DATA SHOWN
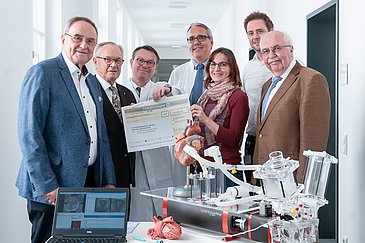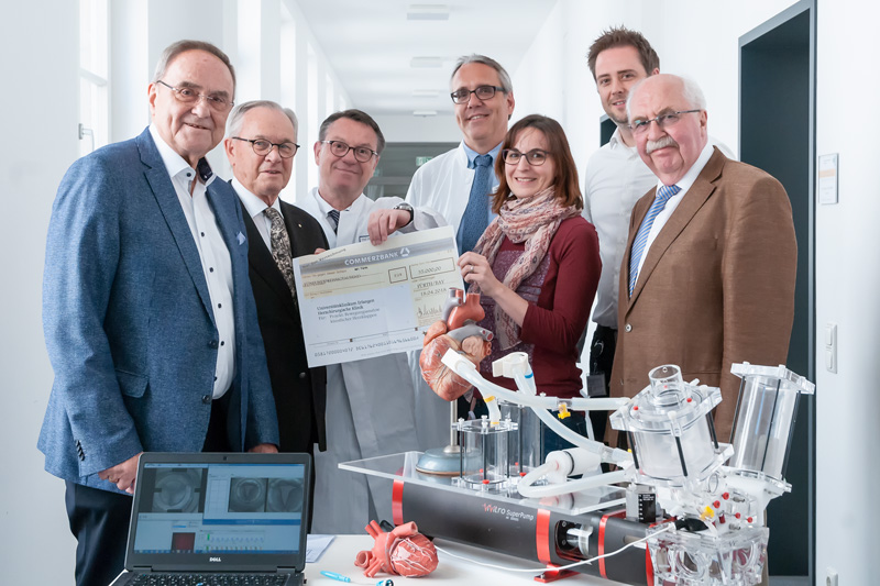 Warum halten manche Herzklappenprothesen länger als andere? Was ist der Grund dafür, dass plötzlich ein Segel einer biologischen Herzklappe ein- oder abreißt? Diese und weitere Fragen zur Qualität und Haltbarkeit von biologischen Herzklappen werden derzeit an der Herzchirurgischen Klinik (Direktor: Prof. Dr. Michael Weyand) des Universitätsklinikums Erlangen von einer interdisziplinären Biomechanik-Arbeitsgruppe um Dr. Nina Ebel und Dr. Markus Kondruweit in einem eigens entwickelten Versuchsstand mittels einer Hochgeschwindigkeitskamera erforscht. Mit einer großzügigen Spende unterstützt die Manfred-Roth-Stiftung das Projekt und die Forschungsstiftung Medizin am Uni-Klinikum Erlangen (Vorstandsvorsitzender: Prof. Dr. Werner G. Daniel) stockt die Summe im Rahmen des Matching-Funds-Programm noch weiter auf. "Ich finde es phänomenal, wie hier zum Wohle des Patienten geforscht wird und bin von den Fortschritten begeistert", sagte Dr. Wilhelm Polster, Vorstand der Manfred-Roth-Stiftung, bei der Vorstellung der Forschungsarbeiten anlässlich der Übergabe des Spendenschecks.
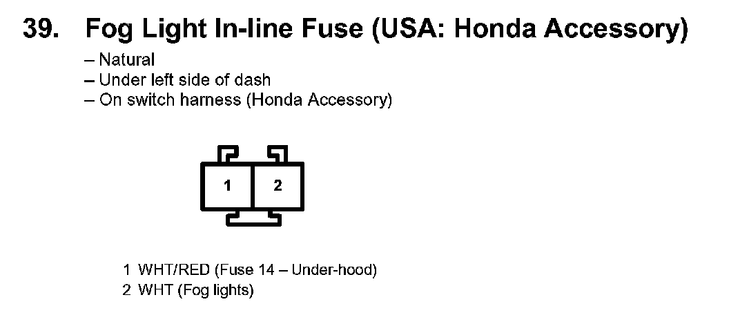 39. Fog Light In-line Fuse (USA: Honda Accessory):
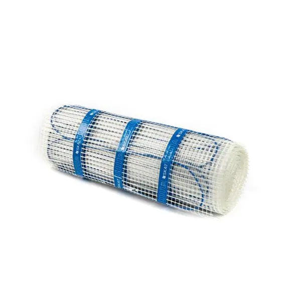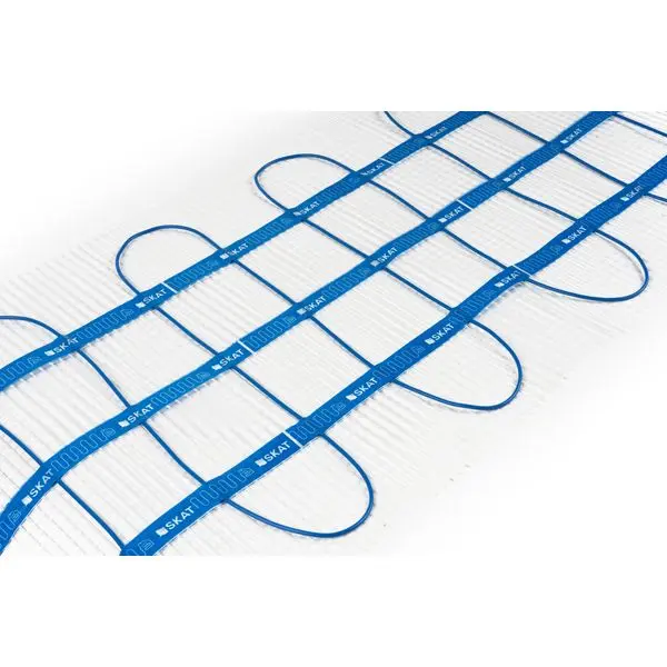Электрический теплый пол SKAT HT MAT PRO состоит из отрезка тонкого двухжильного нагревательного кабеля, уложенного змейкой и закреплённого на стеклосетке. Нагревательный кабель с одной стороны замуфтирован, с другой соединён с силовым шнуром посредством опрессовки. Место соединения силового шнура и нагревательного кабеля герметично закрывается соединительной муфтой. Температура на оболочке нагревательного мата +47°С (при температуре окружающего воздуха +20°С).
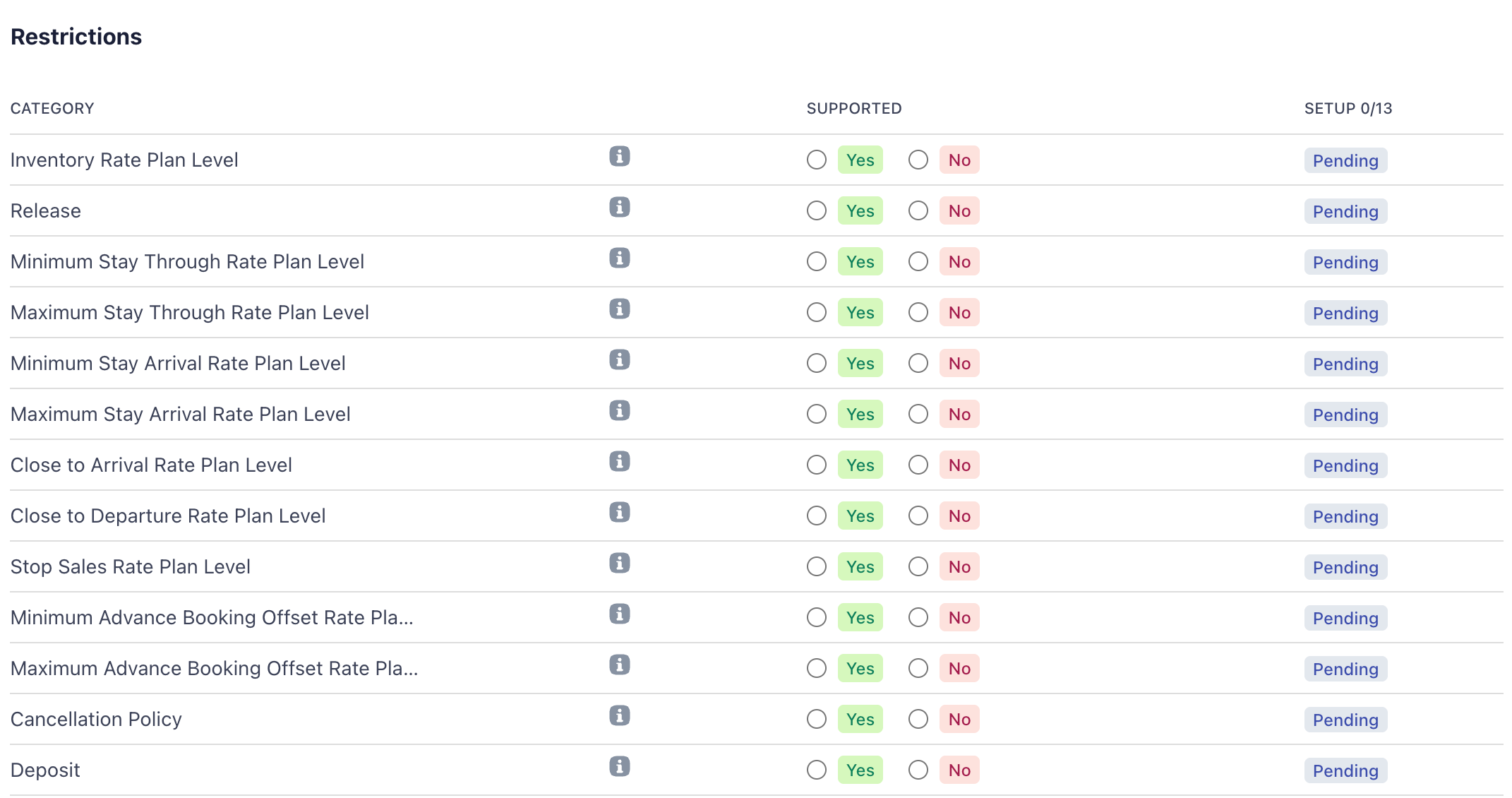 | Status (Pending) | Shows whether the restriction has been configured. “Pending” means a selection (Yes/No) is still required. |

TASK STATEMENT
Would you restate the listing word for word without its pictures?

SOLUTION
 Warum halten manche Herzklappenprothesen länger als andere? Was ist der Grund dafür, dass plötzlich ein Segel einer biologischen Herzklappe ein- oder abreißt? Diese und weitere Fragen zur Qualität und Haltbarkeit von biologischen Herzklappen werden derzeit an der Herzchirurgischen Klinik (Direktor: Prof. Dr. Michael Weyand) des Universitätsklinikums Erlangen von einer interdisziplinären Biomechanik-Arbeitsgruppe um Dr. Nina Ebel und Dr. Markus Kondruweit in einem eigens entwickelten Versuchsstand mittels einer Hochgeschwindigkeitskamera erforscht. Mit einer großzügigen Spende unterstützt die Manfred-Roth-Stiftung das Projekt und die Forschungsstiftung Medizin am Uni-Klinikum Erlangen (Vorstandsvorsitzender: Prof. Dr. Werner G. Daniel) stockt die Summe im Rahmen des Matching-Funds-Programm noch weiter auf. "Ich finde es phänomenal, wie hier zum Wohle des Patienten geforscht wird und bin von den Fortschritten begeistert", sagte Dr. Wilhelm Polster, Vorstand der Manfred-Roth-Stiftung, bei der Vorstellung der Forschungsarbeiten anlässlich der Übergabe des Spendenschecks.
 39. Fog Light In-line Fuse (USA: Honda Accessory):
Электрический теплый пол SKAT HT MAT PRO состоит из отрезка тонкого двухжильного нагревательного кабеля, уложенного змейкой и закреплённого на стеклосетке. Нагревательный кабель с одной стороны замуфтирован, с другой соединён с силовым шнуром посредством опрессовки. Место соединения силового шнура и нагревательного кабеля герметично закрывается соединительной муфтой. Температура на оболочке нагревательного мата +47°С (при температуре окружающего воздуха +20°С).
 | Status (Pending) | Shows whether the restriction has been configured. “Pending” means a selection (Yes/No) is still required. |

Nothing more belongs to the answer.